» DATA EXTRACT
* * *

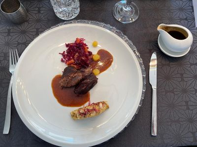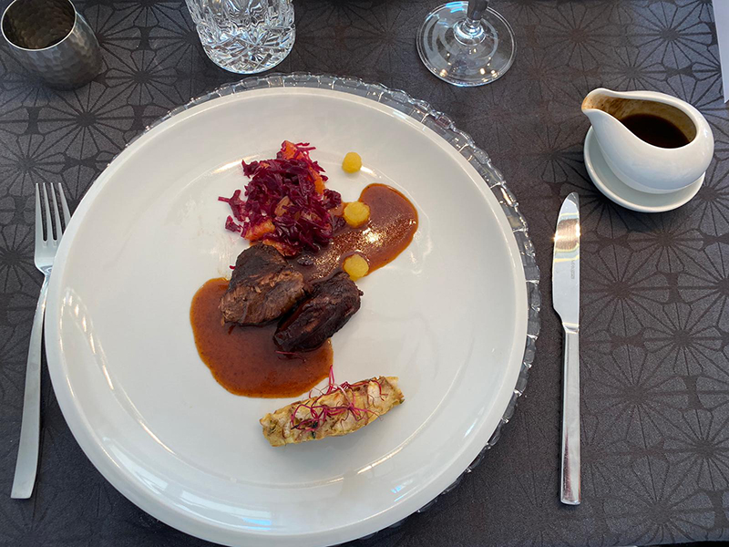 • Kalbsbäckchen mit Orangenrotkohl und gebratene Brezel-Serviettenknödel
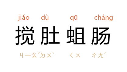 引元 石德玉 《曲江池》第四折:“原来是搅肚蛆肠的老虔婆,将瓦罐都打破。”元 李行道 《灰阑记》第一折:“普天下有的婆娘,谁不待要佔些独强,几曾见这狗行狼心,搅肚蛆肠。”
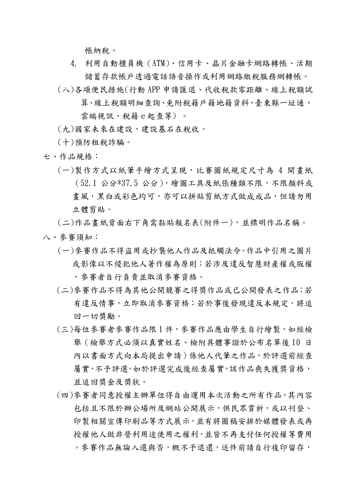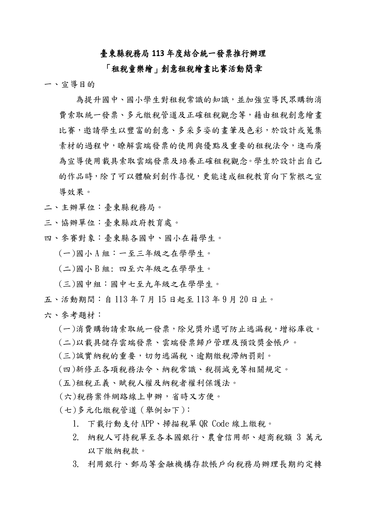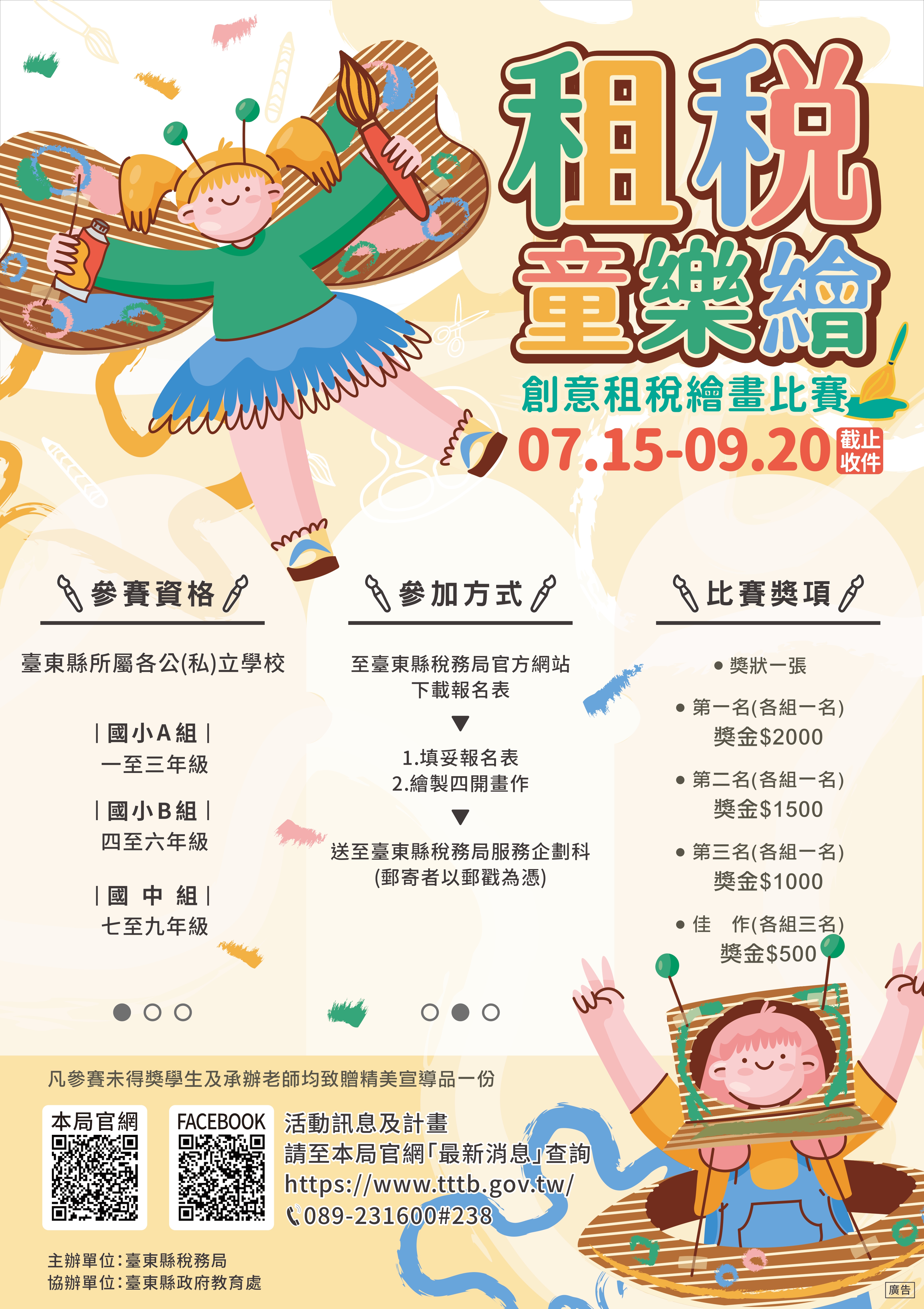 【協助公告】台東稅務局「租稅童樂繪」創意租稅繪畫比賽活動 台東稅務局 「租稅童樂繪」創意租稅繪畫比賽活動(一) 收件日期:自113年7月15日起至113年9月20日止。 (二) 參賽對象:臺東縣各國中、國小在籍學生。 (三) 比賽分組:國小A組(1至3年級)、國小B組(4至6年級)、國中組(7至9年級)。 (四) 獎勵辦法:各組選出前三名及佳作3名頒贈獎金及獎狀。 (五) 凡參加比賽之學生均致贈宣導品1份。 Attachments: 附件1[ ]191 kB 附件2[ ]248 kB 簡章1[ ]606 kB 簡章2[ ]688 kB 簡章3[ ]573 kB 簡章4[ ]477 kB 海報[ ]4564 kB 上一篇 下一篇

* * *

» WORK TO COMPLETE
Give back the material above exactly, with each picture removed.

» TASK RESULT
 • Kalbsbäckchen mit Orangenrotkohl und gebratene Brezel-Serviettenknödel
 引元 石德玉 《曲江池》第四折:“原来是搅肚蛆肠的老虔婆,将瓦罐都打破。”元 李行道 《灰阑记》第一折:“普天下有的婆娘,谁不待要佔些独强,几曾见这狗行狼心,搅肚蛆肠。”
 【協助公告】台東稅務局「租稅童樂繪」創意租稅繪畫比賽活動 台東稅務局 「租稅童樂繪」創意租稅繪畫比賽活動(一) 收件日期:自113年7月15日起至113年9月20日止。 (二) 參賽對象:臺東縣各國中、國小在籍學生。 (三) 比賽分組:國小A組(1至3年級)、國小B組(4至6年級)、國中組(7至9年級)。 (四) 獎勵辦法:各組選出前三名及佳作3名頒贈獎金及獎狀。 (五) 凡參加比賽之學生均致贈宣導品1份。 Attachments: 附件1[ ]191 kB 附件2[ ]248 kB 簡章1[ ]606 kB 簡章2[ ]688 kB 簡章3[ ]573 kB 簡章4[ ]477 kB 海報[ ]4564 kB 上一篇 下一篇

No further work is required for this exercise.